Sie erholt sich gerade von Krebs. Ich traf sie in einem Krankenhaus in Edmonton, Kanada. Ihre Mutter erzählte
mir, dass „Stefania jede Nacht zu Gott spricht“. Ich dachte, dass sie wohl aufgrund ihrer schwierigen Situation
jede Nacht zu Gott betete. Ihre Mutter jedoch sagte: „nein, jede Nacht dankt sie Gott für alle Segnungen, die
sie in ihrem Leben erfahren darf“. Dies ist wie sie zu Gott spricht. Es ist bewundernswert wie dieses
sechsjährige Mädchen im Krankenhaus vor einer riesengroßen Herausforderung steht, inklusive Chemotherapie,
und jeden Tag Gott für seine Segnungen dankt. Das hat mich wirklich inspiriert.

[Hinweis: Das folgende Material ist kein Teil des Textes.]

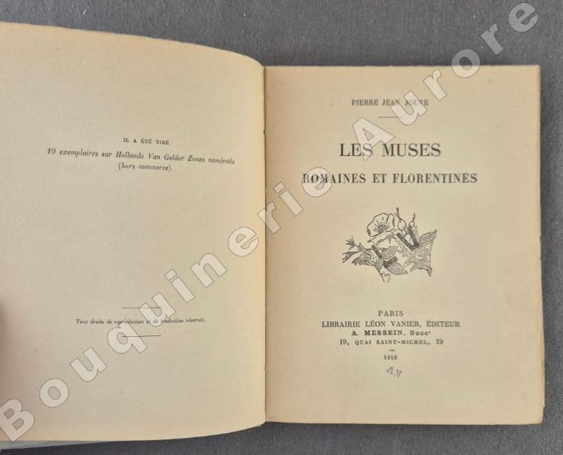 Rare édition originale du premier ouvrage de Jouve.Exemplaire sur papier courant, beau papier vélin très épais, après seulement 10 ex. sur Hollande Van Gelder Zonen.Comme tous ses premiers écrits, Pierre Jean Jouve reniera par la suite cet ouvrage.Réf. biblio. : Talvart & Place, T.IX, p.190.
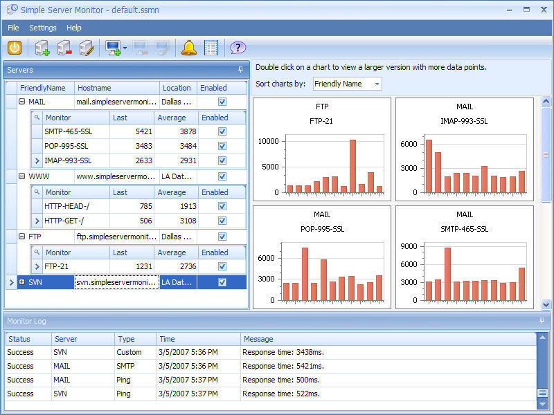 Simple Server Monitor is a powerful, yet easy to use network server monitoring utility. It allows you to monitor the status of your servers and web applications from your desktop. Simple Server Monitor runs as a Windows Service with GUI monitoring console. When a monitor fails, you are notified by a pop-up message, an e-mail alert (user customizable messages), and/or a sound alert. Supports Ping, HTTP/HTTPS, FTP/FTPS, SMTP/SMTPS, POP3/POP3S, IMAP/IMAPS, and Custom monitors (supports SSL/TLS). Simple Server Monitor also supports performance monitoring by charting the monitor response time and by logging (optional) all monitor queries to a log file and/or the event log.

Steve: Was kommt als nächstes für Dich?
Wir haben jetzt unser neues Album „Anand“ fertig, und ich habe vor kurzem geheiratet. Das Album ist eine
Reflektion meiner Erlebnisse und Erfahrungen, diese innere Freude zu spüren, das Geschenk von jemandem,
der dich wirklich liebt, und zu dem zurück zu geben, den du wirklich liebst. Das ist eine wahre Feier für mich.
Wir haben vor, die Tour noch auszuweiten. Auch möchten wir uns gerne mehr auf die Kinder konzentrieren.
Wir hoffen, dass wir diese Arbeit noch auf vielfältige Weise werden fortsetzen können.